We will be offering an R workshop December 18-20, 2019. Learn more.

Dist.seqs

From mothur
Revision as of 20:47, 22 May 2009 by Pschloss (Talk | contribs) (New page: The pairwise distance command will calculate pairwise distances between aligned sequences. This approach is better than the commonly used DNADIST because the distances are not stored ...)

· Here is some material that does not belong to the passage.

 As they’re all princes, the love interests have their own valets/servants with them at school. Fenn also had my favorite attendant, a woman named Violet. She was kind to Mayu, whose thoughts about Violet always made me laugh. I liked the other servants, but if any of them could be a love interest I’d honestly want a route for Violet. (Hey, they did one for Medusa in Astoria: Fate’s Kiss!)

(diff) ← Older revision | Latest revision (diff) | Newer revision → (diff)
Jump to: navigation, search

The pairwise distance command will calculate pairwise distances between aligned sequences. This approach is better than the commonly used DNADIST because the distances are not stored in RAM, rather they are printed directly to a file. Furthermore, it is possible to ignore "large" distances that one might not be interested in. The command will generate a column-formatted distance matrix that is compatible with the column option in the read.dist() command. There are several options for how to handle gap comparisons and terminal gaps. This tutorial uses the data files in AmazonData.zip.


dist.seqs()

To run dist.seqs() an alignment file must be provided in either fasta, nexus, clustal, or phylip format. By default an gap is only penalized once, terminal gaps are penalized, all distances are calculated, and only one processor is used. Running the following command will generate amazon.unique.dist

mothur > dist.seqs(fasta=amazon.unique.align)


The calc option

mothur has several ways of calculating a distance based on how gaps are treated. First, the default option - onegap - only counts a string of gaps as a single gap. For example:

SequenceA  ATGCATGCATGC
SequenceB  ACGC---CATCC

Would have two mismatches and one gap. Therefore the distance would be 3/10 or 0.30. This is the distance calculating method employed by Sogin et al. (1995). The logic behind this type of penalty is that a gap represents an insertion and it is likely that a gap of any length represents a single insertion. This can be called within mothur by the command:

mothur > dist.seqs(fasta=amazon.unique.align, calc=onegap)


DNADIST actually ignores gaps. For example the two sequences above would have a distance of 2/9 or 0.2222. This type of distance calculation does not make much sense for sequences that are known to have a significant number of insertions. This can be used in mothur using the nogaps option. mothur can use this distance calculating method with the command:

mothur > dist.seqs(fasta=amazon.unique.align, calc=nogaps)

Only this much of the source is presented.